• DIRECTIONS FOR THIS TASK:
From the line containing "11月19日,在廣西上思縣那" down to the final line of the entries below, quote every line verbatim. Exclude pictures.

· · ·

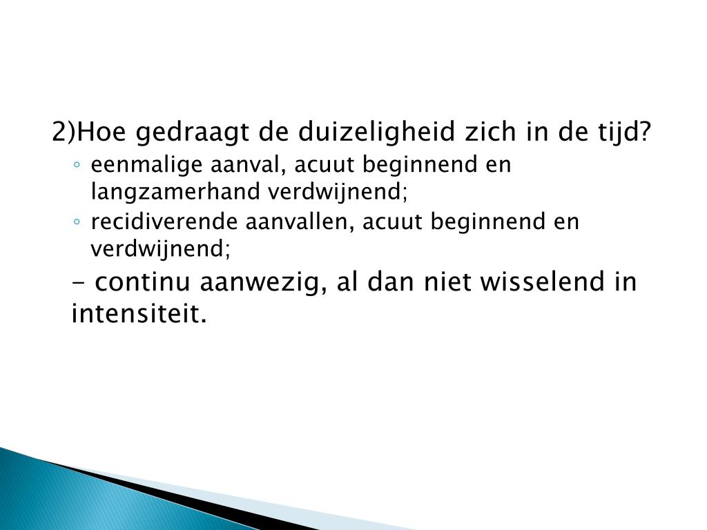 2)Hoe gedraagt de duizeligheid zich in de tijd? • eenmalige aanval, acuut beginnend en langzamerhand verdwijnend; • recidiverende aanvallen, acuut beginnend en verdwijnend; - continu aanwezig, al dan niet wisselend in intensiteit.
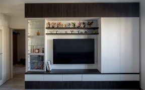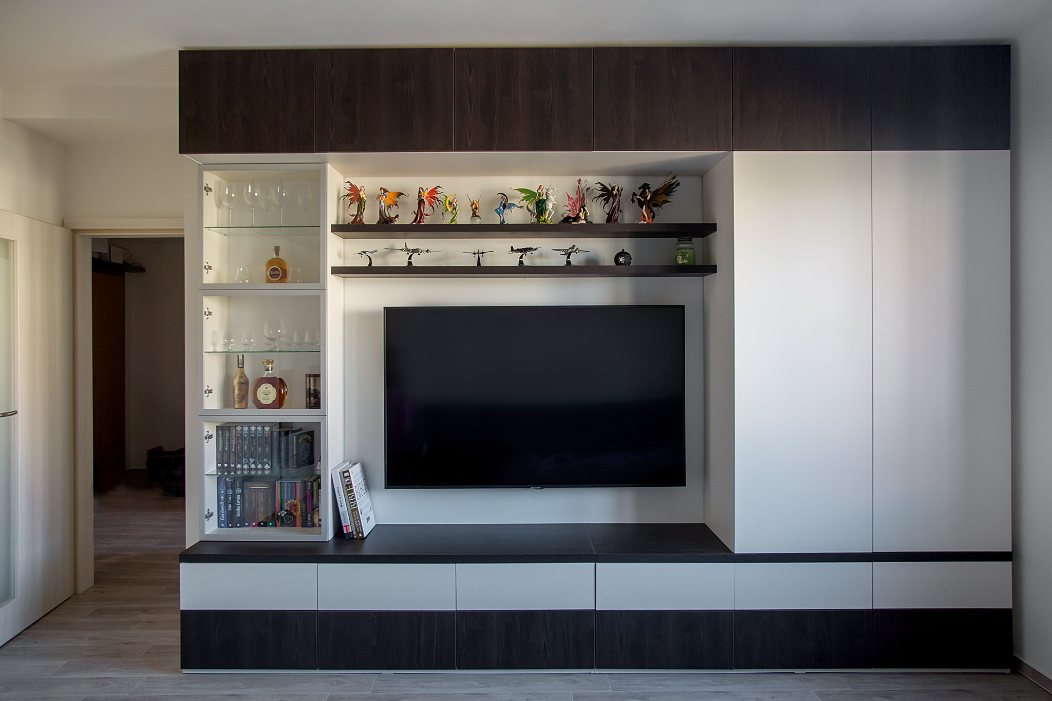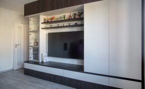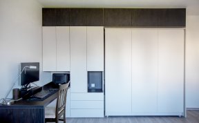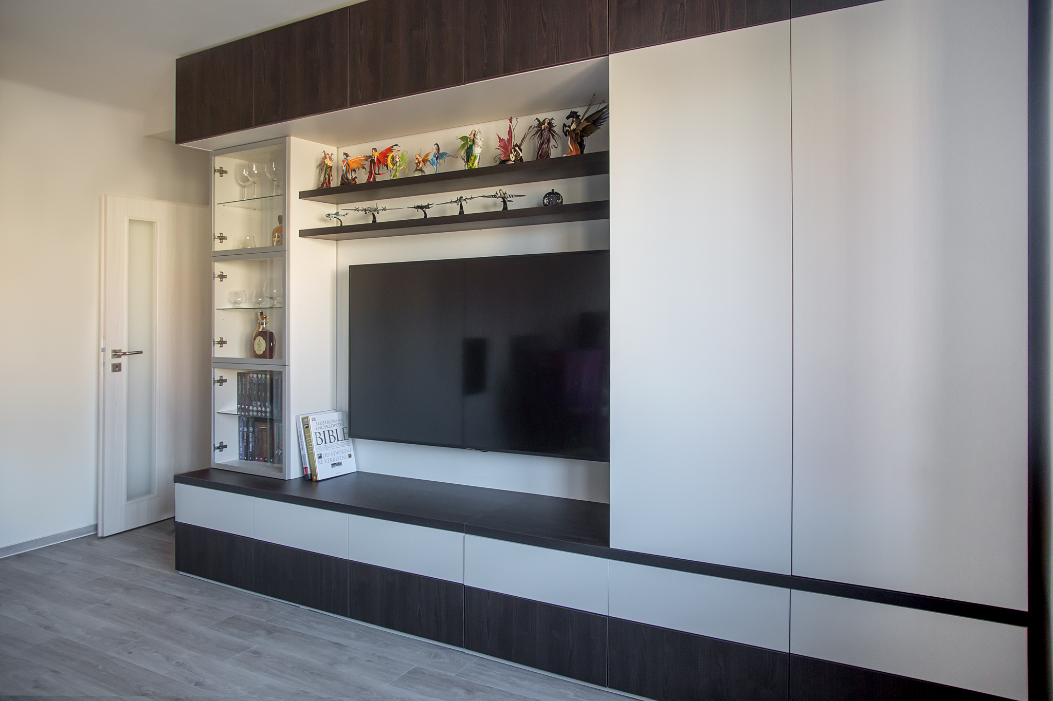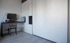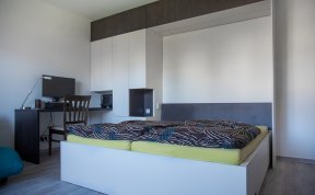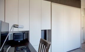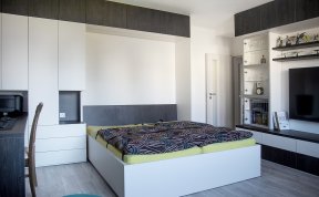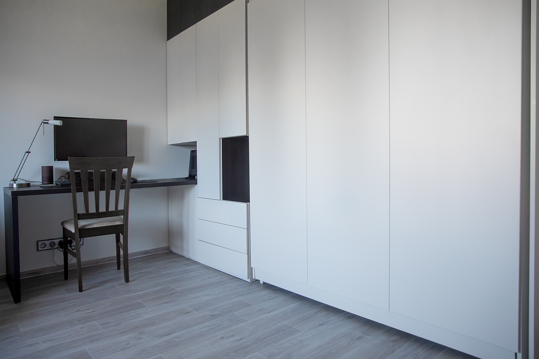 Byt 2+1 v Pelhřimovské ulici bylo nutné přizpůsobit fungování čtyřčlenné rodiny. Kluci potřebovali soukromí, takže rodiče obětovali ložnici, kde mohl pokoj vzniknout. Ale bylo nutné někam uložit rodiče a pro taťku vytvořit větší pracovní kout. Zkusili jsme v návrzích zvýšené patro, rozdělení obýváku atp. Nakonec zvítězil návrh se sklopnou postelí.
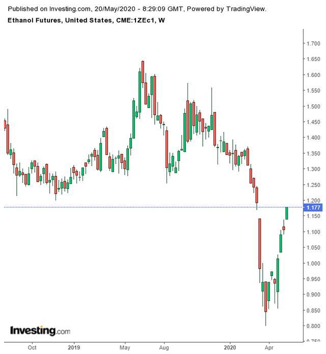 自从油价在4月28日触底以来,WTI原油已经累计上涨了约220%,突破每桶32美元的水平。相比之下,同期芝商所交易的乙醇期货仅上涨了25%。
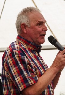 Heidekönigs Willi Kröger fest. Er ersteigerte die Heidekarre nach 177 EUR. Zuvor
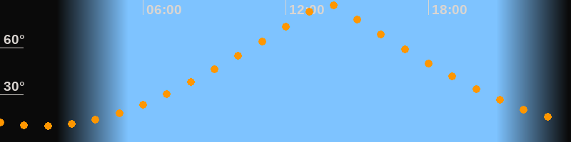 | Höchster Stand (Kulmination) | 13:43 Uhr (h = 88,8°) |
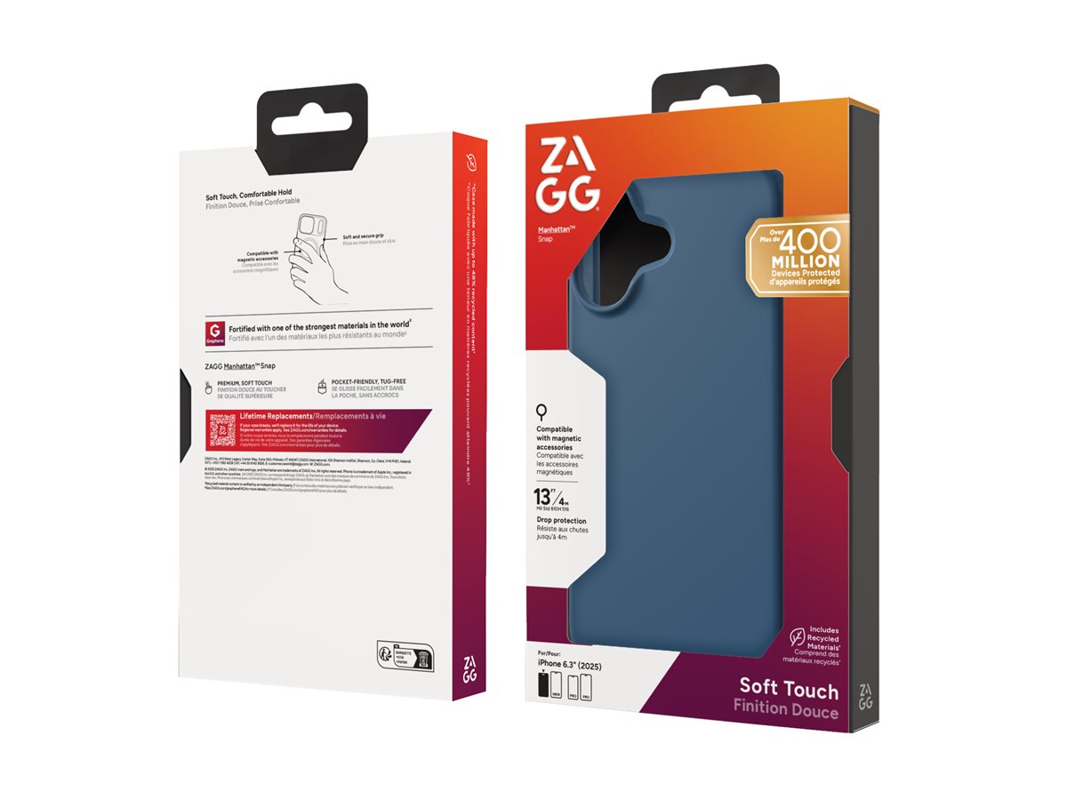 ZAGG Manhattan Snap-etuiet beskytter din mobiltelefon uden at gå på kompromis med stil og funktionalitet. Dette bagcover er fremstillet af letvægts-silikone med en blød overflade og er designet med henblik på komfort og greb. Det innovative grafenforing understøtter trådløs opladning, hvilket gør det til et praktisk valg til daglig brug. Dette cover overholder MIL-STD 810G 516-standarderne og giver pålidelig beskyttelse mod fald fra højder på op til 4 m. Med 48 % genanvendt indhold bidrager det til en mere bæredygtig fremtid.
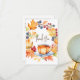 Tarjetas de agradecimiento de baby shower de otoño con tema de amor que se está preparando, corona de hojas de otoño y bayas de acuarela y taza de té de calabaza para tarjetas de agradecimiento de baby shower de otoño
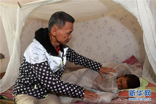 11月19日,在廣西上思縣那琴鄉(xiāng)中心小學(xué)逢通村教學(xué)點(diǎn),梁志雄在照顧一名學(xué)生午休。新華社記者陸波岸攝
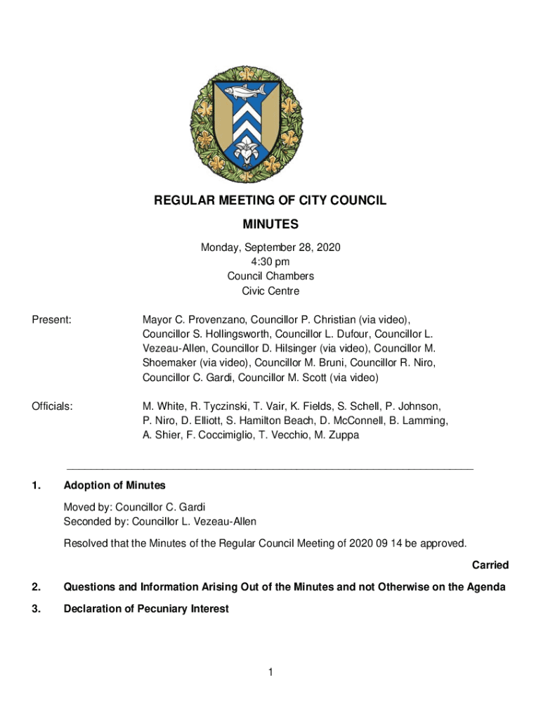 REGULAR MEETING OF CITY COUNCIL MINUTES Monday, September 28, 2020 4:30 pm Council Chambers Civic Centre Present:Mayor C. Provenzano, Councillor P. Christian (via video), Councillor S. Hollingsworth,
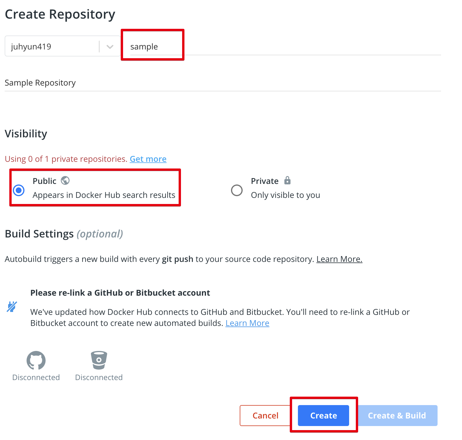 Repository 이름과 Public으로 설정하고 Create 를 클릭합니다.
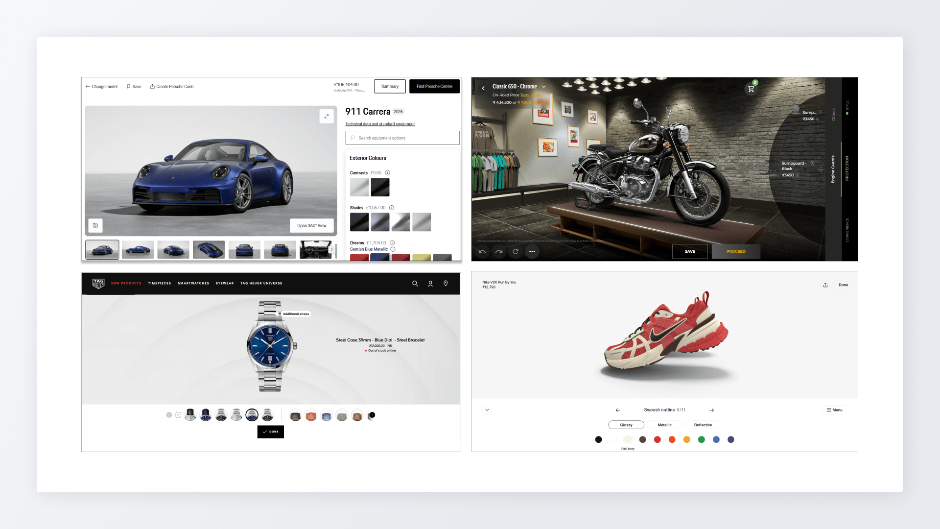 Since jewelry lacked good references, I researched configurators in industries where customization is already standard. Porsche, Royal Enfield, Tag Heuer, and Nike provided the patterns I needed. Clear step navigation, price visibility on every change, and large 3D previews helped shape the interaction model. I adapted those UX patterns to a fine jewelry context by simplifying choices and keeping only the information that supports a purchase decision.

· · ·

• SOLUTION FOR THIS EXERCISE:
 11月19日,在廣西上思縣那琴鄉(xiāng)中心小學(xué)逢通村教學(xué)點(diǎn),梁志雄在照顧一名學(xué)生午休。新華社記者陸波岸攝
 REGULAR MEETING OF CITY COUNCIL MINUTES Monday, September 28, 2020 4:30 pm Council Chambers Civic Centre Present:Mayor C. Provenzano, Councillor P. Christian (via video), Councillor S. Hollingsworth,
 Repository 이름과 Public으로 설정하고 Create 를 클릭합니다.
 Since jewelry lacked good references, I researched configurators in industries where customization is already standard. Porsche, Royal Enfield, Tag Heuer, and Nike provided the patterns I needed. Clear step navigation, price visibility on every change, and large 3D previews helped shape the interaction model. I adapted those UX patterns to a fine jewelry context by simplifying choices and keeping only the information that supports a purchase decision.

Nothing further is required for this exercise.